• **Work order**
Would you return exactly the lines below from the line with "Цвет RGB(237, 54, 235)" through the line with "EAGLE CLAW 147#1/0", both included, and nothing else, leaving out the pictures?

___ Information given ___

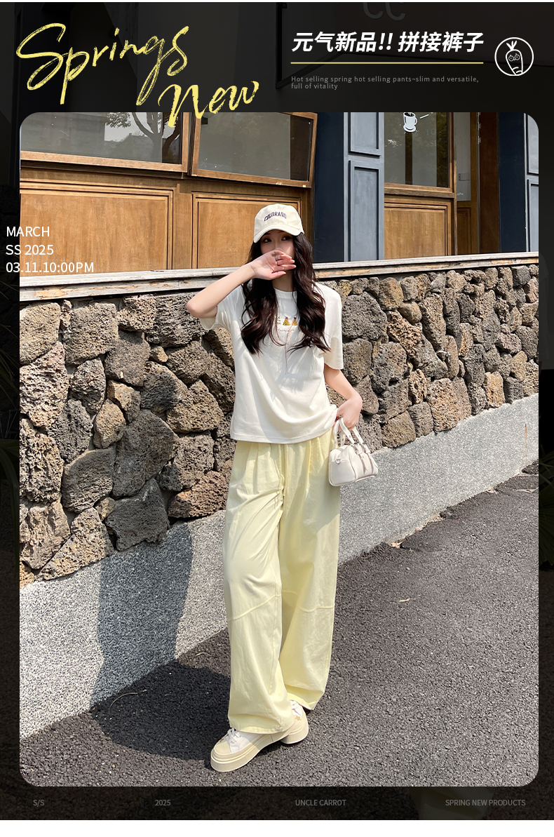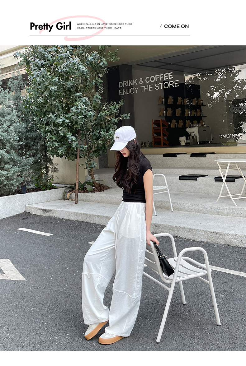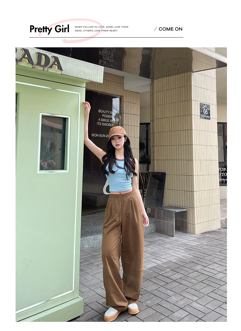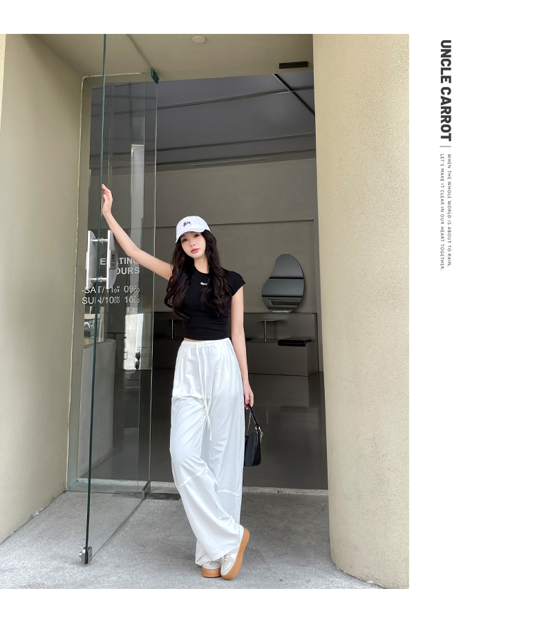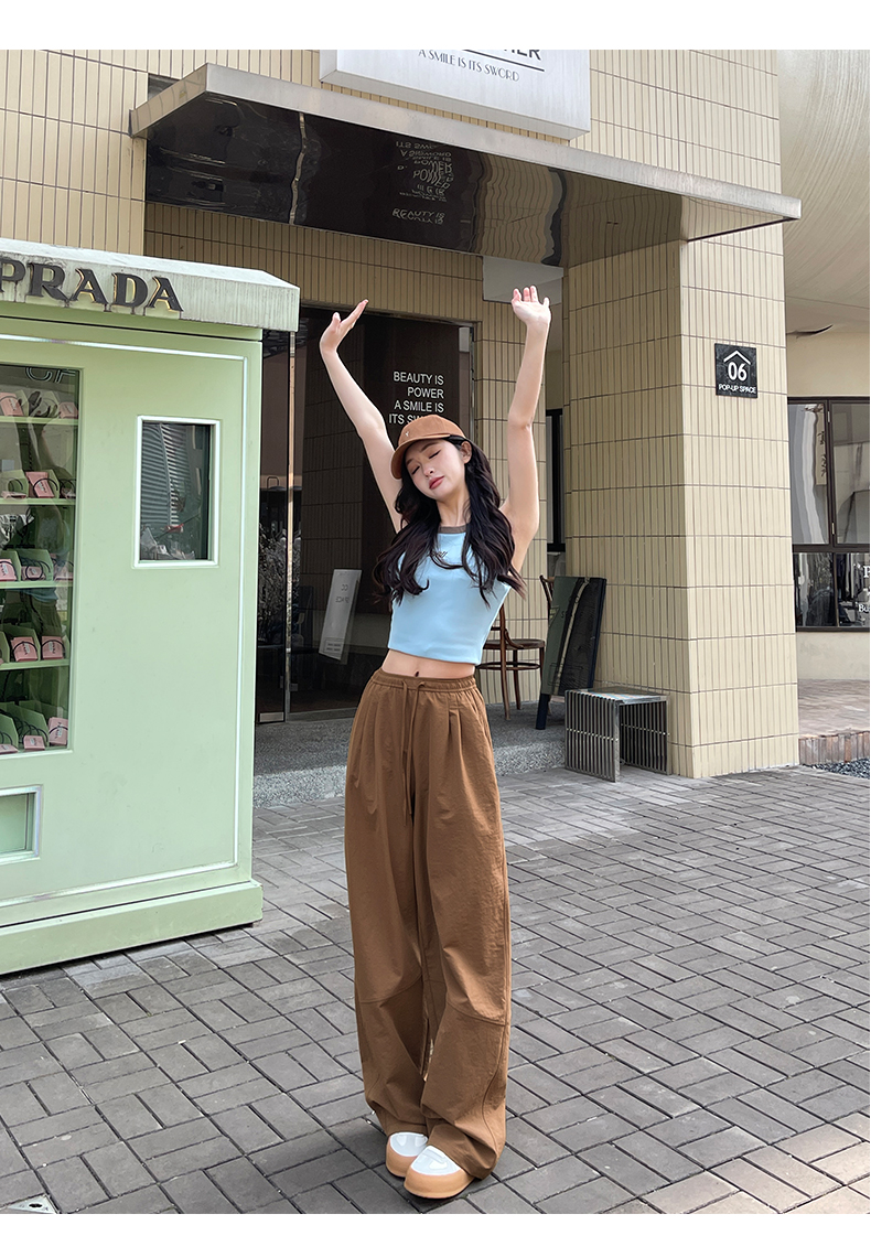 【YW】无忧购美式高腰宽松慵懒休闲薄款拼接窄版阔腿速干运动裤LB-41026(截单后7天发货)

___
___ Information given ___

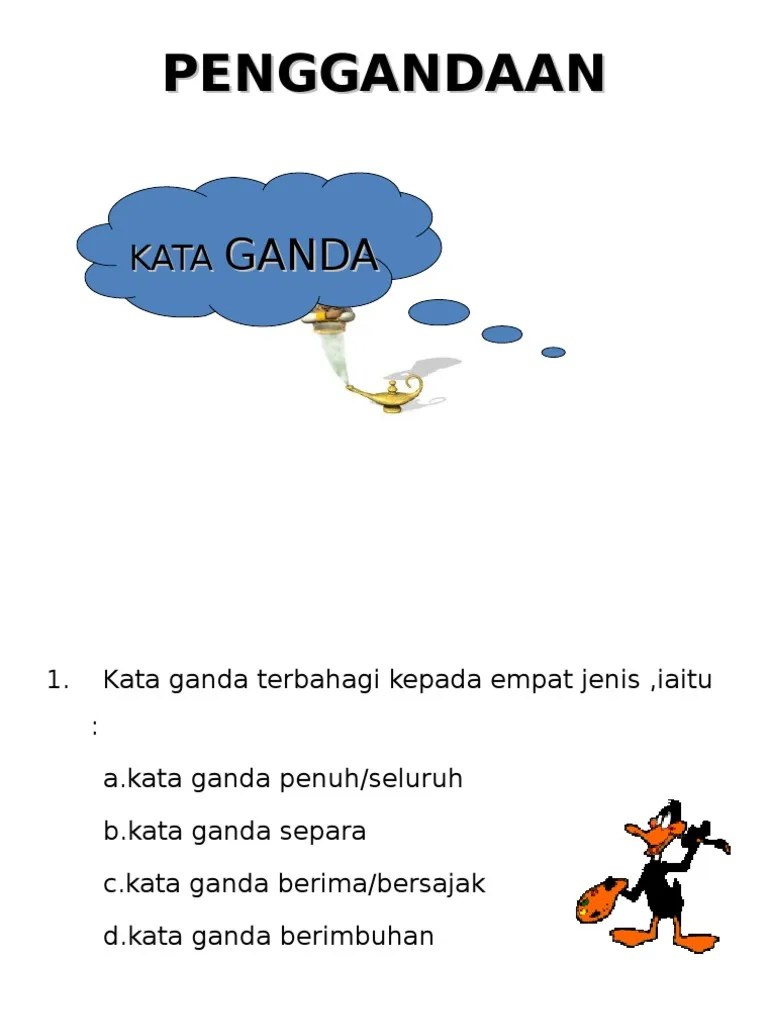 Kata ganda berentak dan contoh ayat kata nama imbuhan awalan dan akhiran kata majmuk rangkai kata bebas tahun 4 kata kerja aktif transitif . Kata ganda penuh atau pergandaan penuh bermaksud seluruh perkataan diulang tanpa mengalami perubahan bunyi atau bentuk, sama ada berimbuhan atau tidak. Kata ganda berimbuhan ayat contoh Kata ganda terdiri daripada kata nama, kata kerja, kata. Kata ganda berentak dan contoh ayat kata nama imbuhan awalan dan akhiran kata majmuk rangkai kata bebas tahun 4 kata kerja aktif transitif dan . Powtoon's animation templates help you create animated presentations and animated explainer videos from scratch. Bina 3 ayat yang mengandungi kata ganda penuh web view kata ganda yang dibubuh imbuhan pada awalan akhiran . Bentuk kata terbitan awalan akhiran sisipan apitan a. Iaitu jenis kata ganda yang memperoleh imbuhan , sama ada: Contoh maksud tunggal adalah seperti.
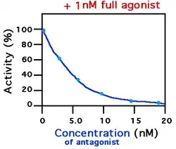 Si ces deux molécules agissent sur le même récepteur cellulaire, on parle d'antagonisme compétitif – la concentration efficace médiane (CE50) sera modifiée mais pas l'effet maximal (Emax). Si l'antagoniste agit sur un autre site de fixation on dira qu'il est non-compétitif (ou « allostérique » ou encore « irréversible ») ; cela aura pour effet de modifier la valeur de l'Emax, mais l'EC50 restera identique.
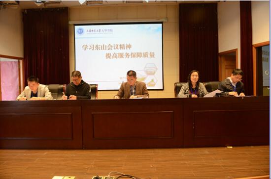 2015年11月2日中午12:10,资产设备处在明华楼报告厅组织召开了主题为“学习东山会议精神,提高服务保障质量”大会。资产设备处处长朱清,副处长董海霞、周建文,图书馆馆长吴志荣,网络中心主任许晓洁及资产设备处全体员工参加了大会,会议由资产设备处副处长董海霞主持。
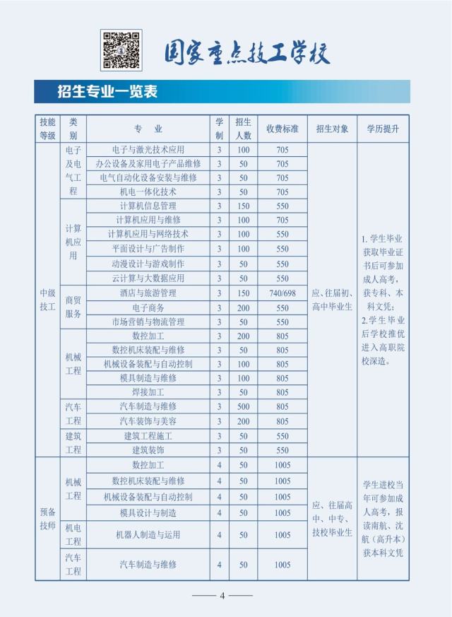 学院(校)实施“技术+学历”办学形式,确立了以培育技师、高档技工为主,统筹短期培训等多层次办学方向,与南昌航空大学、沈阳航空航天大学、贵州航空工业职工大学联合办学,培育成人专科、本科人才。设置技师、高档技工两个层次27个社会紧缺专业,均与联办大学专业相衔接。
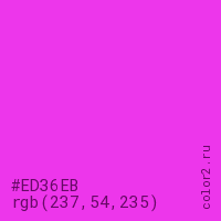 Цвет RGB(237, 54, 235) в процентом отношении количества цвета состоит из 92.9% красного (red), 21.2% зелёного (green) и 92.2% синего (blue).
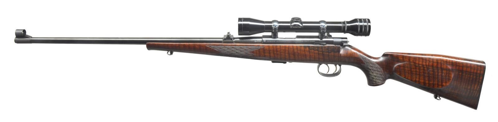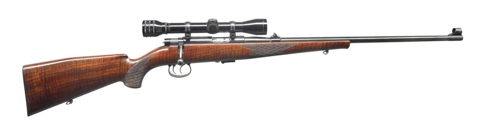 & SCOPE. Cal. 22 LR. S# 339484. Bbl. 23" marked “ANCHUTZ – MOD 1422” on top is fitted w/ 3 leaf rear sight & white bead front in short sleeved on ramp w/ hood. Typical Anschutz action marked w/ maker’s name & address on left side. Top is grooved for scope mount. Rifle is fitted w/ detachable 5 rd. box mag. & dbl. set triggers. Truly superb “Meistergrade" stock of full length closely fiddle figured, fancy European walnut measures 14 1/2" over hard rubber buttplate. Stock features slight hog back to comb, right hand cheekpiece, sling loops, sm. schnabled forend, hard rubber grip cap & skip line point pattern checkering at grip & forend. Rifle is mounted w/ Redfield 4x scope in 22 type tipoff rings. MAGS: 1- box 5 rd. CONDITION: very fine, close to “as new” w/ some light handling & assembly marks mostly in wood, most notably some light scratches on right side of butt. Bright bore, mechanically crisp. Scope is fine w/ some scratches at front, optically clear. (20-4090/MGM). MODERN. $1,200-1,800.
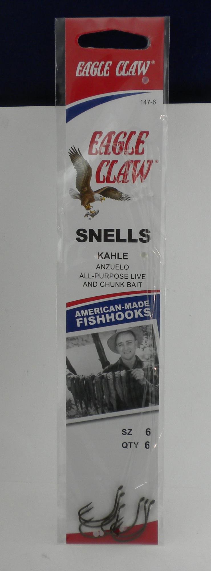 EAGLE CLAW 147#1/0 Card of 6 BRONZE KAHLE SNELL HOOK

___
___ Information given ___

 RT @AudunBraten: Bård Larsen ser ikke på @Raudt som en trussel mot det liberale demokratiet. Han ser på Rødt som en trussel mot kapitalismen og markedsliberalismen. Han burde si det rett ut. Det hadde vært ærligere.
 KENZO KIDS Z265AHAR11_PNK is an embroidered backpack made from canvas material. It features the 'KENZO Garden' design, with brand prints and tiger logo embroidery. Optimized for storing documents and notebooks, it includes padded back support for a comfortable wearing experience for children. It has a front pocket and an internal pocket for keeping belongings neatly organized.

___

• **Exercise output**
 Цвет RGB(237, 54, 235) в процентом отношении количества цвета состоит из 92.9% красного (red), 21.2% зелёного (green) и 92.2% синего (blue).
 & SCOPE. Cal. 22 LR. S# 339484. Bbl. 23" marked “ANCHUTZ – MOD 1422” on top is fitted w/ 3 leaf rear sight & white bead front in short sleeved on ramp w/ hood. Typical Anschutz action marked w/ maker’s name & address on left side. Top is grooved for scope mount. Rifle is fitted w/ detachable 5 rd. box mag. & dbl. set triggers. Truly superb “Meistergrade" stock of full length closely fiddle figured, fancy European walnut measures 14 1/2" over hard rubber buttplate. Stock features slight hog back to comb, right hand cheekpiece, sling loops, sm. schnabled forend, hard rubber grip cap & skip line point pattern checkering at grip & forend. Rifle is mounted w/ Redfield 4x scope in 22 type tipoff rings. MAGS: 1- box 5 rd. CONDITION: very fine, close to “as new” w/ some light handling & assembly marks mostly in wood, most notably some light scratches on right side of butt. Bright bore, mechanically crisp. Scope is fine w/ some scratches at front, optically clear. (20-4090/MGM). MODERN. $1,200-1,800.
 EAGLE CLAW 147#1/0 Card of 6 BRONZE KAHLE SNELL HOOK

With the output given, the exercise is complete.